I was asked to solve a problem at work that initially seemed simple. The request from the business unit was to leverage automation to remove the need for a manual process. The manual process was consuming an estimated 10 minutes per item with a total of 335 items. This represented a total time to complete of around 55 hours. A manual and repetitive task with a large time commitment is a great candidate for automation!

Initial implementation

//testFile.js
cy.fixture('dataSet.json').forEach((item) => {
  cy.intercept(/^https:\/\/analyticsURL.com\/.*/).as('metricsCall')
  cy.wait('@metricsCall', {timeout: 5000}).then((item) => {
    expect([200, 302]).to.include(item.response.statusCode)
  })
})

Looking at the code above, I retrieve the data set as a Cypress Fixture and loop over each item in the data set. With a callback function, I am using cy.intercept and regular expression to identify the XHR request I want to intercept. Then I am using a wait command to wait for this XHR request to fire. After the XHR request is sent, I am checking that the responses status code is either a 200 or a 302. Using this pattern, if the XHR request does not fire, the test times out after 5 seconds and fails. Additionally, the test fails if the response code is not 200 or 302.

The problem

Even thought I am using forEach, this still takes a long time! If each test from start to finish takes 10 seconds, the execution of 335 items will take about 55 minutes! I think we can do better than that. The problem is that since we are using forEach instead of unique test files for each item, we cannot parallelize test execution. Each item will be checked sequentially in a forEach.

Leveling up

So we know the problem is that forEach doesnt allow for parallelization. In order to parallelize, I need unique test files for each item I have to check.
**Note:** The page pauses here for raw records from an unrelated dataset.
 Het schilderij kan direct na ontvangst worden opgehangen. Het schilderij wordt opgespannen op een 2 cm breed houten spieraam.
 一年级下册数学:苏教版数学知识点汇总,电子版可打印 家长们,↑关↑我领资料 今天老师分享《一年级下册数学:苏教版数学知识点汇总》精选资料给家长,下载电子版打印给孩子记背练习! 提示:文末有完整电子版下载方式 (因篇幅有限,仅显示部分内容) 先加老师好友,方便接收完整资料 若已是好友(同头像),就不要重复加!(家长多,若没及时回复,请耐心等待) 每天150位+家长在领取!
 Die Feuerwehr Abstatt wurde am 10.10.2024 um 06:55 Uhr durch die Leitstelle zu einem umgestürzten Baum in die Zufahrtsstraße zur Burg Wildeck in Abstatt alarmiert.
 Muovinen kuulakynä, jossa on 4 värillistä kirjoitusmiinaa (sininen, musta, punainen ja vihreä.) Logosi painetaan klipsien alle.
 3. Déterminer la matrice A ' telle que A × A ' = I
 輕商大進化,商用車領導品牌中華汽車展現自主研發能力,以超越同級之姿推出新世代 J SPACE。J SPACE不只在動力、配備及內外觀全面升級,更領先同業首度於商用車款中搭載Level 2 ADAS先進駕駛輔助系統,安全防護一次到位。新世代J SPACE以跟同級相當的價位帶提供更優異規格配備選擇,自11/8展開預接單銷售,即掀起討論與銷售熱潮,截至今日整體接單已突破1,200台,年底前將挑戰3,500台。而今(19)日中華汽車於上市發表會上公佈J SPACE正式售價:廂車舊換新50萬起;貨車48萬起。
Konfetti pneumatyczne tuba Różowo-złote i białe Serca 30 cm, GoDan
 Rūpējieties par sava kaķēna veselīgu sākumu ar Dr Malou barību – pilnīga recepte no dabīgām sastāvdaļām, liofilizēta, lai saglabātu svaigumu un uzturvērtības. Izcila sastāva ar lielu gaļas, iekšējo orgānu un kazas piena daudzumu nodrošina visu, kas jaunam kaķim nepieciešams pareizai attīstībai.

I guess I could copy and paste one base template test file 335 times and replace each unique item manually but that seems like a maintenance nightmare. What makes more sense is creating test files using node. Here's what I came up with.

//buildTestFiles.js
const itemsToCheck = JSON.parse(fs.readFileSync('./dataSet.json'))
itemsToCheck.forEach((url, idx) => {
  fs.writeFileSync(`./cypress/analytics/analyticsTest_${idx}.js`, 
  `it('Validats Metrics calls return 200 or 302', () => {
    cy.intercept(/^https:\/\/analyticsURL.com\/.*/).as('metricsCall')
    cy.visit('${url}')
    cy.wait('@metricsCall', {timeout: 5000}).then((item) => {
      expect([200, 302]).to.include(item.response.statusCode)
    })
  })`)
})

Using the code above, I can create a unique test file for each item in my data set. This unlocks the ability to parallelize our test execution. I am using Node to parse a JSON file containing my data and then looping over that data. Inside the loop, I write a file containing the test code and I swap out the unique URL I need to check in each test. The result of this code is a unique test file for every single item in our data set. Now we can parallelize!

Adding parallelization

Now that I have solved the problem of test file creation, lets figure out how to parallelize the test execution. I am going to use the Cypress-Parallel package which uses unique Node threads to execute your tests in parallel. This is a great package that assigns "weights" to each of your test files in order to intelligently split up files into the appropriate node threads. This will reduce your test execution time as much as it can. Its still not as great as a true CI parallelization tool but its implementation is still effective.

//package.json
"cypress:run": "npx cypress run --headless",
"cy:parallel": "node buildFiles.js && cypress-parallel -s cypress:run -t 5"

Using the script above, I execute the buildFile script to generate my test files and then execute Cypress-Parallel using 5 Node threads.

Wrapping up

By using test parallelization, we have reduced the time to complete a manual task by over 95%! The business unit is happy and so are we!